Tirowcy „przewożą” wiadukt na Piwnej. Brawura za kółkiem czy błąd w konstrukcji?

W 2014 roku cztery razy, w tym roku już raz.

Zaklinowane ciężarówki pod wiaduktem na ul. Piwnej, to dla policji niemal chleb powszedni. Winna nonszalancja i lekkomyślność kierowców czy nietypowa konstrukcja obiektu?

Według obecnie obowiązujących przepisów, wysokość wiaduktu nad nowowybudowaną drogą krajową musi wynosić minimum 4,7 metra. Według ministerialnego rozporządzenia wysokość pojazdu łącznie z ładunkiem określono na 4 metry. Ponad 100-letni wiadukt przy ul. Piwnej ma wysokość 3,2 metra. Choćby z tej przyczyny obiekt jest wręcz „oblepiony” oznaczeniami informującymi o nietypowej, jak na dzisiejsze warunki konstrukcji.
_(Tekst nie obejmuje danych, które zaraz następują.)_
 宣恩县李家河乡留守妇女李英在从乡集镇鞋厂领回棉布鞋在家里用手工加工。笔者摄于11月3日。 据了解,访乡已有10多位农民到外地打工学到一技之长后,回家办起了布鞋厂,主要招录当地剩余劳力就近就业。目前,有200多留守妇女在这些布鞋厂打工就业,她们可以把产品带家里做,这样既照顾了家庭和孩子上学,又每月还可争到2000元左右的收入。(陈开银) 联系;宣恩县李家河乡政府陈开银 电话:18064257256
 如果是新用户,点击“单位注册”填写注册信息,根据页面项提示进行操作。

– Dodatkowo są tam zamontowane urządzenia bramowe czyli belki sygnalizujące wysokość skrajni wiaduktu. Uderzenie w belkę winno zniechęcić kierowcę do próby przeciskania się, jak widać, „odważnych” jednak nie brakuje – mówi komisarz Marek Słomski, rzecznik prasowy gliwickiej policji.

Zdaniem funkcjonariuszy, w przypadku prób „sforsowania” wiaduktu, działa ten sam mechanizm, który popycha kierowców osobówek do łamania ograniczenia prędkości.
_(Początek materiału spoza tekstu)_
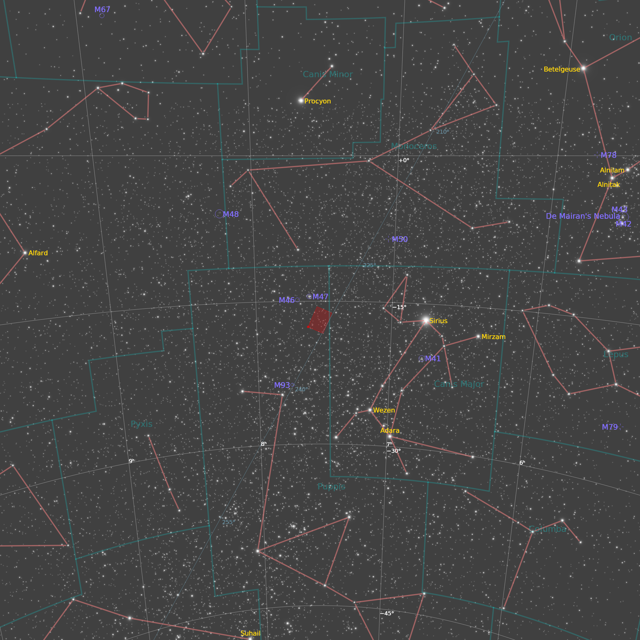 Okrugla crvenkasta maglina Sh2-302, nazvana Sneško smeštena je blizu granice izmedju sazveždja Puppis i Canis Majoris. Maglina ima vizuelni prečnik od oko 15 uglovnih minuta, a može se videti i tamna traka u istočnoj regiji. Sh2-302 je udaljena oko 5.800 svetlosnih godina i smatra se delom ogromne Gumove magline koja zimi zauzima oko 36 stepeni nisko na južnom delu neba.

– Przy ograniczeniu prędkości do 50 km/h w terenie zabudowanym ? większość jeździ sześćdziesiątką. Kierowcy sami sobie dodają 10 km/h, sami siebie przekonując, że to dopuszczalny margines tolerancji – tłumaczy Marek Słomski. – Podejrzewać można, że kierowcy zawodowi znając przepisy i wiedząc, że stawiający znaki obligowani są przepisami mówiącymi o półmetrowej tolerancji oznaczeń, mają nadzieję, że w rzeczywistości pod wiaduktem jest co najmniej 3,7 m albo i więcej. Czym kończą się te próby możemy odczuć stojąc z korkach powodowanych co pewien czas przez tych ryzykantów – dodaje.

W ciągu ostatnich 13 miesięcy „mundurowi” interweniowali w tej sprawie pięciokrotnie. Położenie obiektu oraz ruch komunikacyjny w tym miejscu miasta, praktycznie nie pozwalają na jego przebudowę. Pozostaje zaufać kierowcom ciężarówek, choć dotychczasowa praktyka jasno wskazuje, że o „zaklinowanych pod wiaduktem” usłyszymy jeszcze nie raz.